## [What this task involves]
Reproduction without pictures: print every entry precisely as written.

━━━━━━

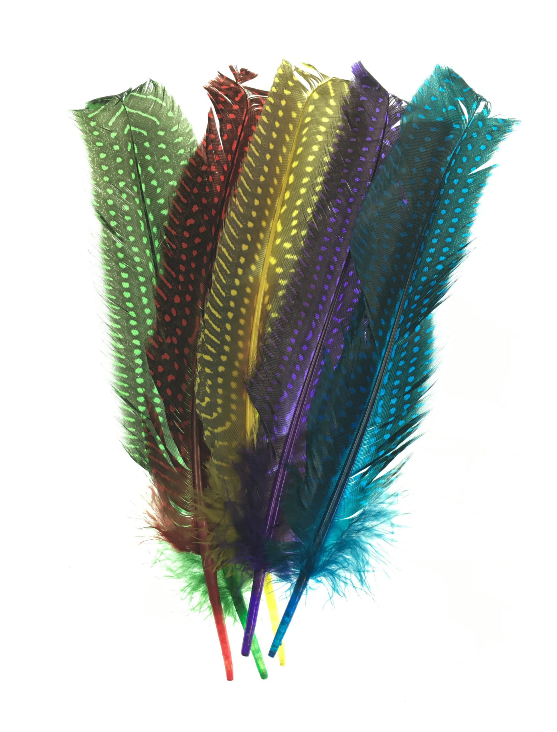 Die fünf bunten Federn können besonders gut zum Basteln genutzt werden. Sie sind in violett, gelb, grün, blau und türkis gefärbt. Du kannst sie in Dein Indianerkostüm einbauen oder aber als Deko in Deiner Bastelarbeit verwenden. Die Federn sind 21 cm lang und haben ein Punkt- oder Streifenmuster. Ideal für Karneval und Fasching!
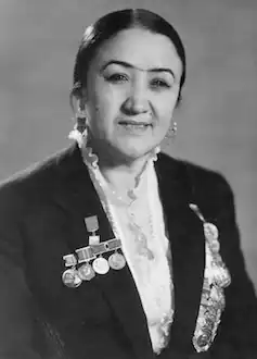 - ^ "Указ Президиума Верховного Совета СССР О присвоении почетного звания народного артиста СССР работникам искусств Узбекской ССР" [Decree of the Presidium of the Supreme Soviet of the USSR On conferring the honorary title of People's Artist of the USSR on art workers of the Uzbek SSR]. Pravda Vostoka (in Russian). No. 65. 19 March 1959. p. 1.
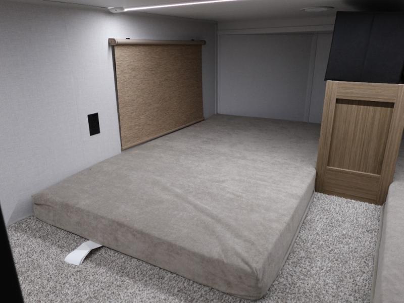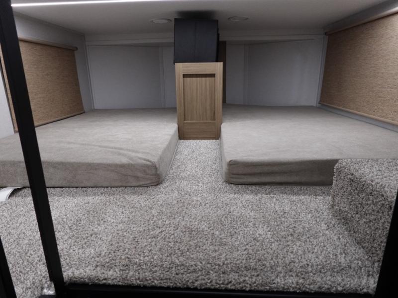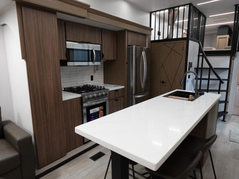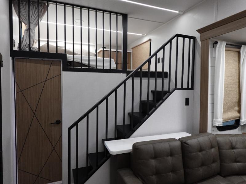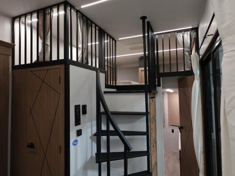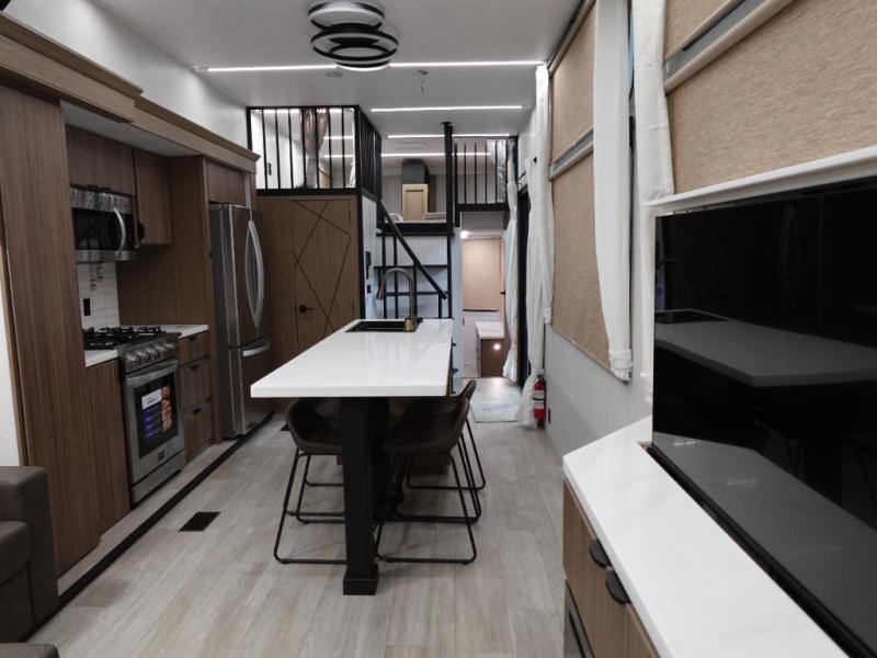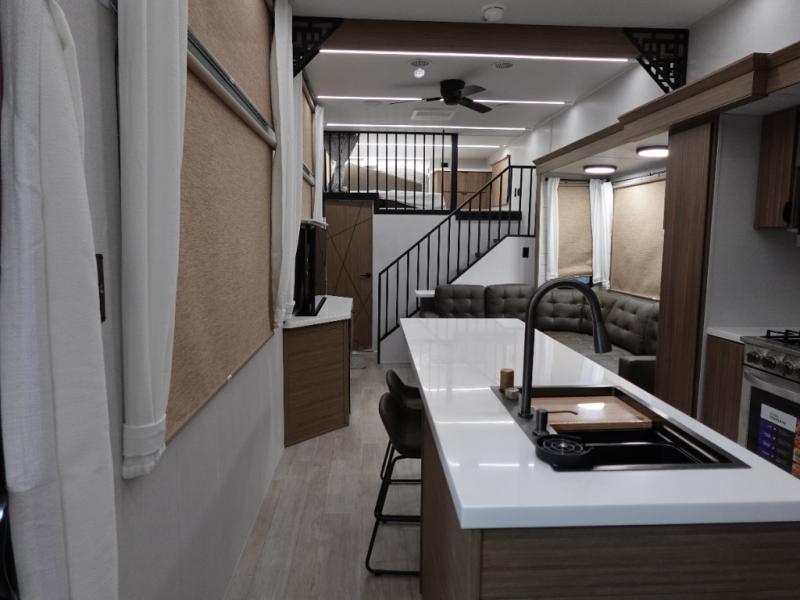 This 44ZEN trailer is designed to offer maximum comfort and space. It features two lofts that adds extra sleeping space, one includes a 62" x 74" Versa queen mattress and a dresser for personal items, while the second loft comes with a Versa queen bed, shelf and cabinet storage, and a table with recessed footing, perfect for remote work or study sessions. On the main floor, the rear full bathroom is fully equipped with a walk-in shower, linen closet, and washer/dryer prep. At the center we have a large sectional sofa invites everyone to gather, facing a fireplace and Televator TV, great for movie nights or relaxing. The kitchen island adds prep space but also doubles as a casual dining area with barstool seating. For added convenience, a half bath is tucked beside the second stairway, providing easy access if needed. Up front, the master bedroom offers a retreat with a king-size bed with Versa Tilt, a dresser for storage, and a wall of windows that provides a view of the scenery outside.
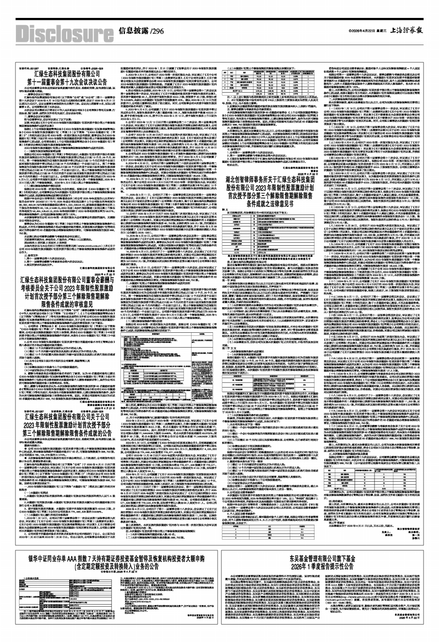 (二十)2026年4月21日,公司董事会薪酬与考核委员会发表了关于公司2023年限制性股票激励计划首次授予部分第三个解除限售期解除限售条件成就的审核意见,认为本次拟解除限售的限制性股票所涉60名激励对象符合有关规定,均未发生不得解除限售的情形,已满足解除限售的条件,其作为本次可解除限售的激励对象主体资格合法有效。同意公司按照有关规定为前述60名激励对象办理共计998,750股限制性股票的解除限售事宜。
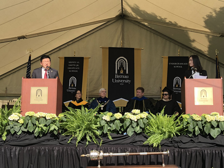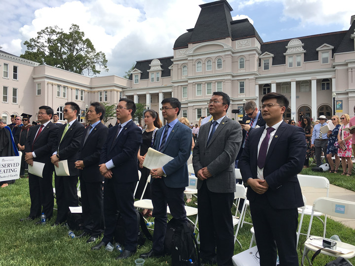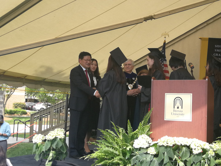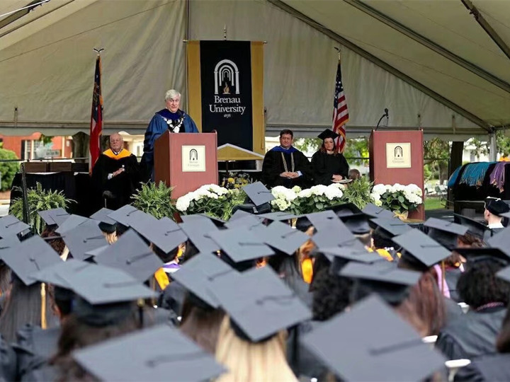 本网讯(教科院 管璇 潘晨)美国东部时间2019年5月4日上午9点半,美国布莱诺大学春季毕业典礼于校园户外的草坪上隆重举行。教科院2015级学前教育(中美合作)全体同学参加了毕业典礼。同学们顺利完成了在美国布莱诺大学后两年的学业,为大学四年的学习画上了完美的句号。从大一时的青涩懵懂到毕业时的踌躇满志,从初踏异国他乡的焦虑不安到如今毕业典礼的从容不迫,大学四年,同学们刻苦学习,砥砺前行。2015级8名同学中的6名同学考入了伦敦大学学院、宾西法利亚大学、匹兹堡大学、格拉斯哥大学、爱丁堡大学、伯明翰大学等世界名校继续读研深造。校党委书记顾家山、国际交流合作处处长黄圣炯、365英国上市官网副院长张更立专程前往美国参加了同学们的毕业典礼。
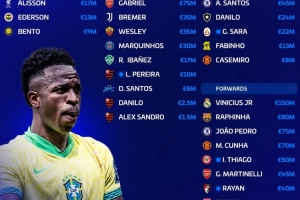 直播吧3月20日讯 巴西公布了最新一期国家队大名单,德转市场罗列本期巴西国家队球员的身价。其中皇马前锋维尼修斯以1.5亿欧元身价断层领跑榜单,巴萨前锋拉菲尼亚以8000万欧元排名第二。
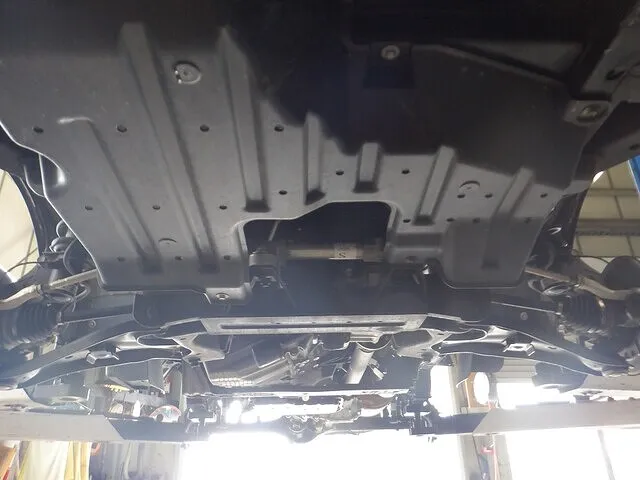 下廻り点検致しました。【下廻りフロント側】【下廻りリヤ側】車検時の下廻り点検は、自動車の安全性や耐久性を確保するために欠かせない重要な作業です。
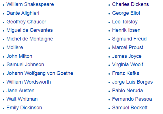discussing 26 writers whom he sees as central to the canon:
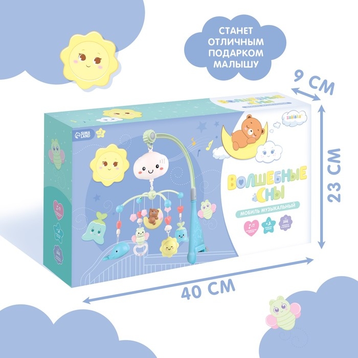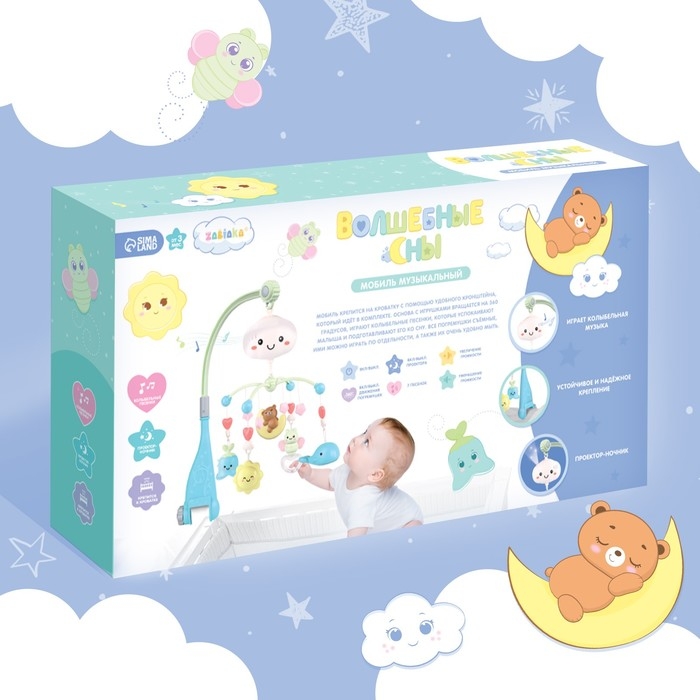 Музыкальный мобиль «Волшебные сны» привлечёт внимание трогательным дизайном и надолго займёт малыша благодаря множеству полезных функций. Игрушка не только развлечёт ребёнка — с ней можно осваивать новые навыки! Колыбельные песенки успокоят малыша и подготовят его ко сну.
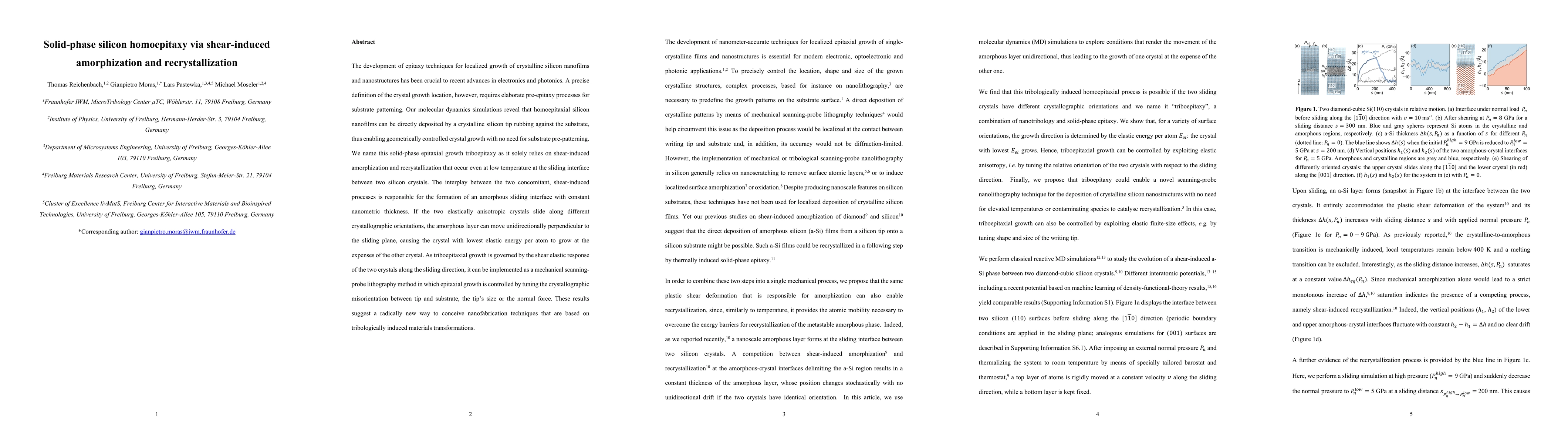 Researchers develop a new method called tribioepitaxy to grow crystalline silicon nanofilms without pre-patterning the substrate, using shear-induced amorphization and recrystallization at low temperatures.

━━━━━━

## [Answer below]
 Die fünf bunten Federn können besonders gut zum Basteln genutzt werden. Sie sind in violett, gelb, grün, blau und türkis gefärbt. Du kannst sie in Dein Indianerkostüm einbauen oder aber als Deko in Deiner Bastelarbeit verwenden. Die Federn sind 21 cm lang und haben ein Punkt- oder Streifenmuster. Ideal für Karneval und Fasching!
 - ^ "Указ Президиума Верховного Совета СССР О присвоении почетного звания народного артиста СССР работникам искусств Узбекской ССР" [Decree of the Presidium of the Supreme Soviet of the USSR On conferring the honorary title of People's Artist of the USSR on art workers of the Uzbek SSR]. Pravda Vostoka (in Russian). No. 65. 19 March 1959. p. 1.
 This 44ZEN trailer is designed to offer maximum comfort and space. It features two lofts that adds extra sleeping space, one includes a 62" x 74" Versa queen mattress and a dresser for personal items, while the second loft comes with a Versa queen bed, shelf and cabinet storage, and a table with recessed footing, perfect for remote work or study sessions. On the main floor, the rear full bathroom is fully equipped with a walk-in shower, linen closet, and washer/dryer prep. At the center we have a large sectional sofa invites everyone to gather, facing a fireplace and Televator TV, great for movie nights or relaxing. The kitchen island adds prep space but also doubles as a casual dining area with barstool seating. For added convenience, a half bath is tucked beside the second stairway, providing easy access if needed. Up front, the master bedroom offers a retreat with a king-size bed with Versa Tilt, a dresser for storage, and a wall of windows that provides a view of the scenery outside.
 (二十)2026年4月21日,公司董事会薪酬与考核委员会发表了关于公司2023年限制性股票激励计划首次授予部分第三个解除限售期解除限售条件成就的审核意见,认为本次拟解除限售的限制性股票所涉60名激励对象符合有关规定,均未发生不得解除限售的情形,已满足解除限售的条件,其作为本次可解除限售的激励对象主体资格合法有效。同意公司按照有关规定为前述60名激励对象办理共计998,750股限制性股票的解除限售事宜。
 本网讯(教科院 管璇 潘晨)美国东部时间2019年5月4日上午9点半,美国布莱诺大学春季毕业典礼于校园户外的草坪上隆重举行。教科院2015级学前教育(中美合作)全体同学参加了毕业典礼。同学们顺利完成了在美国布莱诺大学后两年的学业,为大学四年的学习画上了完美的句号。从大一时的青涩懵懂到毕业时的踌躇满志,从初踏异国他乡的焦虑不安到如今毕业典礼的从容不迫,大学四年,同学们刻苦学习,砥砺前行。2015级8名同学中的6名同学考入了伦敦大学学院、宾西法利亚大学、匹兹堡大学、格拉斯哥大学、爱丁堡大学、伯明翰大学等世界名校继续读研深造。校党委书记顾家山、国际交流合作处处长黄圣炯、365英国上市官网副院长张更立专程前往美国参加了同学们的毕业典礼。
 直播吧3月20日讯 巴西公布了最新一期国家队大名单,德转市场罗列本期巴西国家队球员的身价。其中皇马前锋维尼修斯以1.5亿欧元身价断层领跑榜单,巴萨前锋拉菲尼亚以8000万欧元排名第二。
 下廻り点検致しました。【下廻りフロント側】【下廻りリヤ側】車検時の下廻り点検は、自動車の安全性や耐久性を確保するために欠かせない重要な作業です。
discussing 26 writers whom he sees as central to the canon:
 Музыкальный мобиль «Волшебные сны» привлечёт внимание трогательным дизайном и надолго займёт малыша благодаря множеству полезных функций. Игрушка не только развлечёт ребёнка — с ней можно осваивать новые навыки! Колыбельные песенки успокоят малыша и подготовят его ко сну.
 Researchers develop a new method called tribioepitaxy to grow crystalline silicon nanofilms without pre-patterning the substrate, using shear-induced amorphization and recrystallization at low temperatures.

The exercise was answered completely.